E. Stream order The emission order of streams of same type should be defined as ascending by id. It keeps the h3 side simple and most Quic implementations guarantee this anyway. If they don't it is trivial to fix in the trait implementation due to underlying guarantees in Quic. There have been examples of streams being emitted in slightly shuffled order by Quic implementations, so this should be explicitly required or handled internally.

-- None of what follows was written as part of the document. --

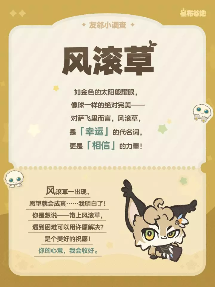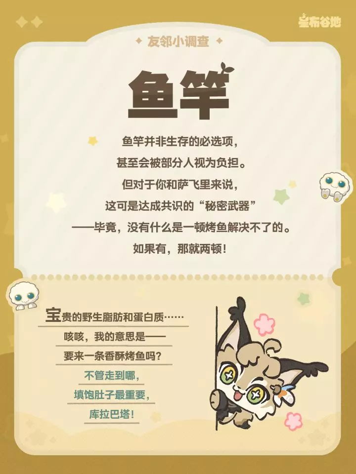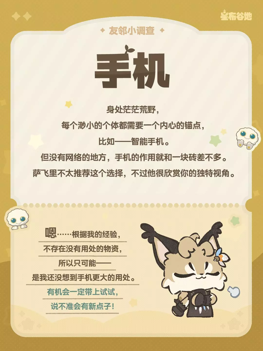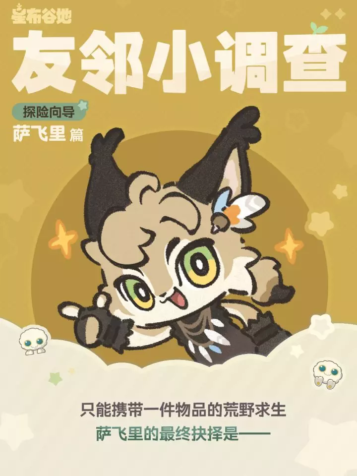 星布谷地发起友邻小调查,探险向导萨飞里针对荒野求生只能带一件物品的命题,探讨了风滚草、鱼竿、手机这几类物品,邀请大家一起讨论荒野求生必备好物。
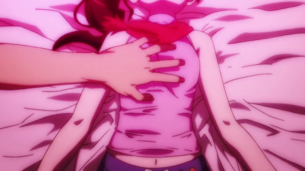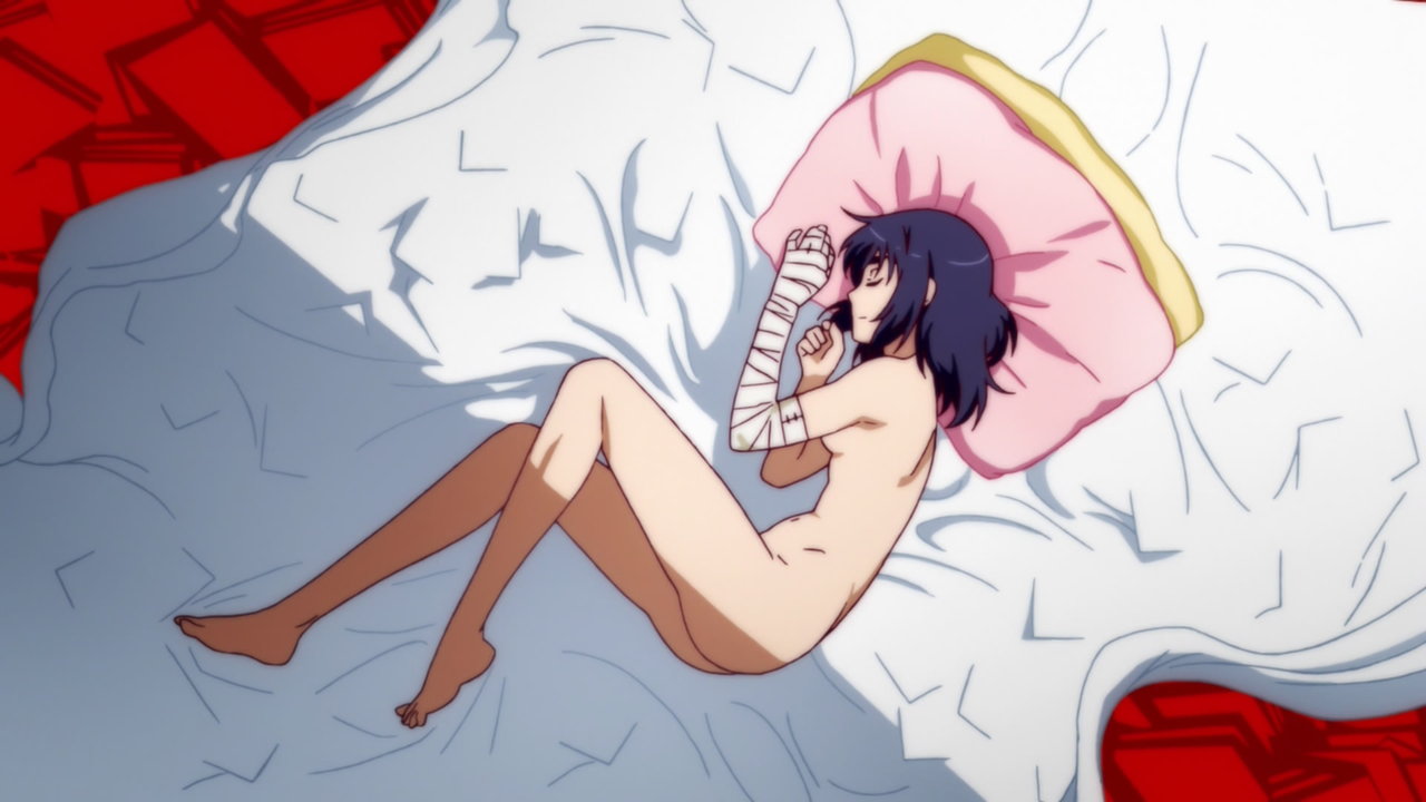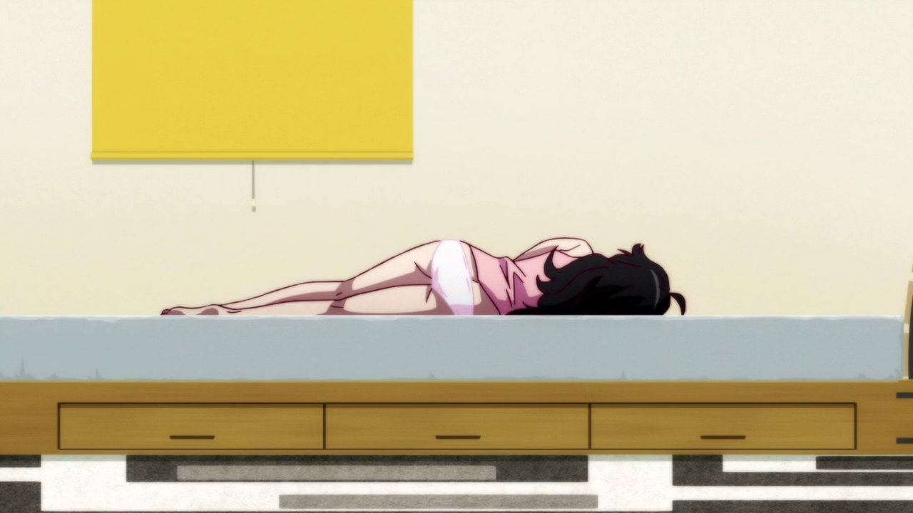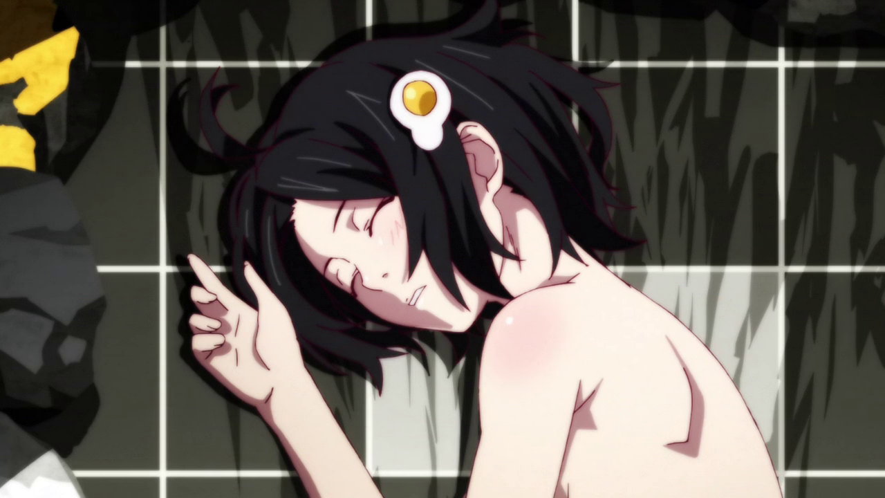 甦生後、上半身半裸状態で横たわる月火。

E. Redundancy There's a bit of redundancy in the
OpenStreams
andConnection
trait, which is unnecessary and has a few awkward side-effects. #173 deals with that. It is largely orthogonal to this topic, but would be nice to get out of the way, because it makes (Draft) PRs for this issue a bit easier to read.Conclusion
I hope the above makes sense. And I hope my concerns aren't based on a series of misunderstandings on my side. I think there's potential for h3 code to become simpler and easier to reason about. A draft PR should be fairly straightforward and I'm happy to give it a shot. But with a change that is this substantial, I wanted to explain my perspective a bit and check if you are open to such changes.